Friday, November 12, 2010

Annihilation Engine Seven, Part One

"That guy behind me, blue windbreaker, is he looking at me?"

"Nope,"

"Is he taking notes or anything. Does it look like he's listening?"

"No, he has a coffee. He's just standing over there," I tell her.

She glances over her shoulder for a hard second. When she turns back, she has that old, paranoid scowl. "He was taking notes. He stopped when I turned around," she says.

"He just has a coffee or something. He's probably waiting for a sandwich,"

She leans back in her chair and spins a coaster underneath her fingers on the table. She does that when she's pensive. Flip, flip, flip. Her hands look dirty; there must be a dozen kinds of shit caked into her cuticles. I already know the answer, but I ask the question anyway.

"So you're off your meds again?"

She glances up at me with her suspicious eyes like bitter slits. "I can't take them, Ed. It's not safe,"

This old thing again, this same old routine. She goes off, and the lizards are coming to get her again. She spends a few frantic weeks living in trash while I try to hunt her down and talk her back into her apartment.

"Laney, I know you're upset, but this is bad. You scare me when you're like this,"

"I know, but Ed..."

"And then we get you back home and clean you up..."

"Yeah, but Ed..."

"And you apologize to me. You say you're sorry and you promise..."

"Ed, something's wrong, please,"

"Laney, you keep telling me you're sorry. I get so scared driving all over town looking for you,"

"Ed, I don't think I can protect you anymore,"

"Laney, whenever you go off I pick up the newspaper every day expecting to find a picture of you all smashed up in a gutter,"

"I know. I'm sorry,"

Well, at least she's sorry right now. That means she doesn't think I'm working with the lizards. Every time she gets that far in her head, it makes things much worse. I'm the last soul on this earth that gives any kind of shit about her.

"Okay then, let's get you back home. Let's clean you up,"

"Ed," she's pinching her lips together, real tension. She's not going to come with me.

"Are you on anything? Did you go to Bean?" She knows a dealer downtown. I'm pretty sure she blows him for crank sometimes.

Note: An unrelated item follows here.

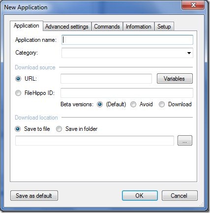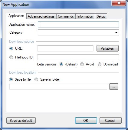 - Click on the Add new application option. A window pops up where you are supposed to enter the URL from which the particular software you wish to be updated is downloaded. Enter the specified location where you wish to save the downloaded file. It is always preferred to save the downloaded contents in a folder as the downloaded file name would be different every time because it also includes the version number.

"Someone's been... Something's different with them," She's struggling to put her thoughts into words. Conversation starts to break down after a certain point, like she's trying to fit her square thoughts through her round mouth.

"Laney, let's get you back home safe,"

"Someone's leading them, Ed. You know what that means?"

"Please don't do this to me. Please," my words fall so useless out of my mouth. I just wish I could say something, do something, "Please. Please come with me, Laney,"

I hate how this always happens. I hate this. So goddamn pathetic.

"Someone's plugging in. Someone can drink it," she says. She's getting loud now. She gets like this, like a toddler throwing a tantrum. She's holding onto either side of the little cafe table like she might have to wrestle it away from me. Her elbows out, her knuckles white. Soon the little flecks of foamy spittle will form at the corners of her mouth.

Again, there's just nothing I can say here. There's nothing I can do. I just sit there while she stands up, kicking away her chair.

She's making some kind of angry growling. Her face is turning beet red. I can see the other coffee shop patrons shuffling away, wide-eyed. The barristas are probably calling the police.

"Are you hearing me? Someone made it down to the middle. All down to the center of the earth and drink. They've got a drink. ARE YOU LISTENING?" She's absolutely screaming at me, "THEY'VE GOT A KING!"

It's bad. It's always bad, but I'm still always looking for progress. I still keep hoping like an idiot. I try and finish my cappucino. I can't even look at her.

She takes a few wild swings at the bystanders. I should be stopping her, apologizing, holding her back. I should be explaining that my sister is not normally like this. I've got a whole speech down: chemical imbalance, not her fault, we're getting her real help this time, I'll pay for damages. I can't bring myself to speak a word of it.

"You fucking LIZARDS," she stomps around right in the middle of the cafe. People are streaming out of the place. There's one guy, must be a manager or something, trying to calm her down. I want to tell him not to bother, want to explain to him that there's nothing he could say. He doesn't know how far away she goes.

"YOU got drool... YOU DROOL DRINK," she's taking huge gulp-breaths, struggling for the words, "at the CENTER WITH THE... middle," she's even confusing herself.

And she's out the door. I don't even have to look, I can hear her canvas sneakers pumping away down the street. She's going full sprint, probably down the middle of the road.

Everyone in the cafe is staring at me. They're waiting for that speech. They want my explanation, my apologies, my promises. Fuck 'em, it's all lies. I get up and walk out. My jaw's all clenched up as I go through the door. I'm staring down at my feet. I feel like if I look up, then that'll be the exact moment I hear tires squeal and a big thunk. If I look up, I'll see my baby sister die.

God's waiting to kill her, waiting so that it happens while I'm watching. God is such a motherfucker.